Fluggastrechte: Bedrohung für die Sicherheit der Passagiere?

Fluggastrechte: Bedrohung für die Sicherheit der Passagiere?
Airline-Manager beklagt, dass die Angst vor Strafzahlungen regelkonforme Sorgfältigkeit im Zweifel möglicherweise vermissen lässt.

Seit einigen Jahren sind Fluggastrechte in der Öffentlichkeit ein Thema. Aufgekommen ist das vor allem seit Fluggastrechts-Portale immer wieder auf Artikel EU 261/2004 hinweisen und Passagieren die Möglichkeit geben, zum Teil sogar automatisiert, ihr Recht einfach durchzusetzen und bei Verspätungen oder Annullierungen Entschädigungszahlungen zu bekommen.
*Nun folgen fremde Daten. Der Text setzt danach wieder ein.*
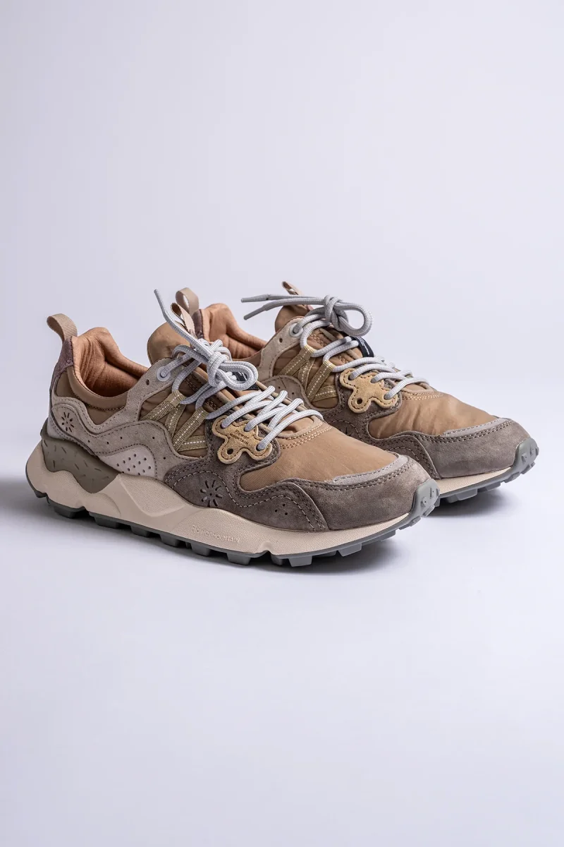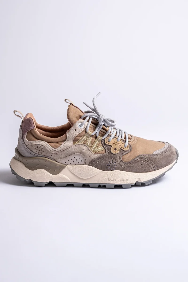 Flower Mountain signerar dessa sneakers i grey/mud/offwhite med en harmonisk mix av nylon och mjuk mocka. Ovandelen andas, medan de robusta panelerna ger struktur och en tidlös, urban känsla.
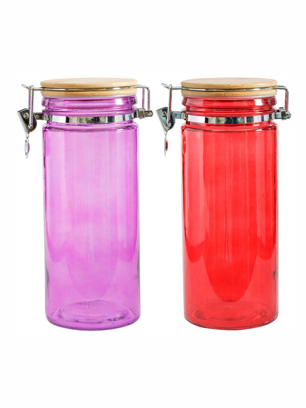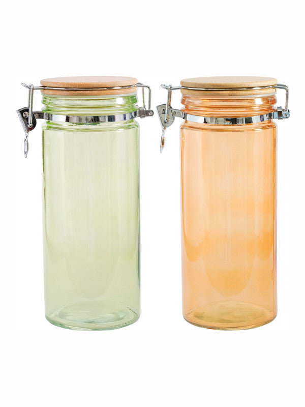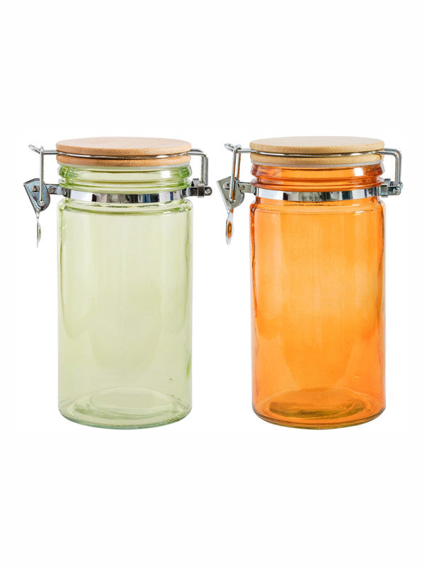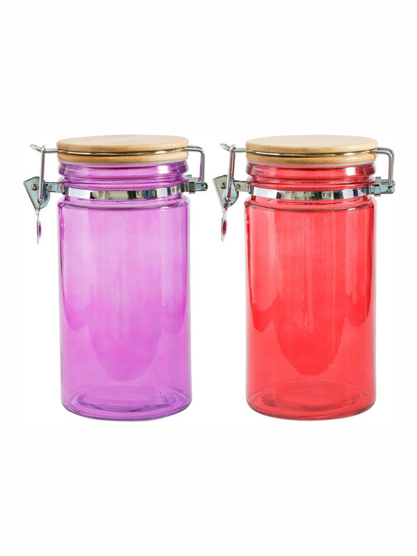 Goodhomes Color Glass Storage Jar with Wooden Clip Lid (Set of 2pcs)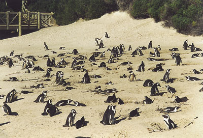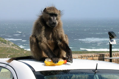 Unsere Gasteltern brachten uns um 8.00 Uhr zu der Primary School wo der Bus schon auf uns wartete. Zuerst besuchten wir eine Pinguinfarm. Wir fanden die Tiere alle sehr knuffig und konnten gar nicht glauben als uns erzählt wurde, dass die Schnäbel der Pinguine so scharf wie Rasierklingen sind. So mussten wir uns wohl oder übel mit dem Streicheln der sehr zutraulichen Tiere zurückhalten. Dann ging es weiter. Unser nächster Ausflugspunkt war Cape Point. Wir mussten ziemlich lange Bus fahren, was in Südafrika sehr normal ist, da die Entfernungen viel größer sind, als in Deutschland. Am Cape Point angekommen wurden wir mit Regen und Sturm empfangen. Wir blieben aber trotzdem hart und nahmen den langen Weg bergauf bis auf die Aussichtsplattform auf uns. Die wundervolle Aussicht belohnte unsere Mühen. Lange hielten wir es dort oben allerdings nicht aus, da der Wind immer stärker wurde. Also gingen wir wieder zum Bus zurück, wo einige von uns gleich nette Bekanntschaften mit den dort freilaufenden Affen machten. Die waren nämlich so frech und schnappten sich das leckere Käsebrötchen von Herrn Heiter und die Orangensaftflasche von Mandy. Dieses Mahl nahmen sie genüsslich auf einem weißen Mercedes zu sich.

Dass das für Verbraucher sehr gut klingt und Airlines darüber weniger glücklich sind, überrascht nicht. Trotzdem sorgen derzeit Airline-Manager für Aufsehen, die behaupten, diese Portale würden ein Sicherheitsrisiko darstellen, wie travelnews.ch berichtet.

Angst vor Zahlungen

Im Zuge der Jahreskonferenz der "European Regions Airline Association" in Prag erklärte Jesper Rungholm, CEO der  Chartergesellschaft Danish Air Transport (DAT): "Die Passagier-Entschädigungsregelung EU 261/2004 droht, uns aus dem Markt zu drängen und stellt die größte Bedrohung für die Sicherheit unserer Passagiere dar. Viele europäische Airlines, vor allem kleinere, haben dermaßen Angst davor, im Falle einer Verspätung heftige Entschädigungszahlungen leisten zu müssen, dass manche Crews oder auch Mechaniker die notwendige, regelkonforme Sorgfältigkeit im Zweifelsfall möglicherweise vermissen lassen."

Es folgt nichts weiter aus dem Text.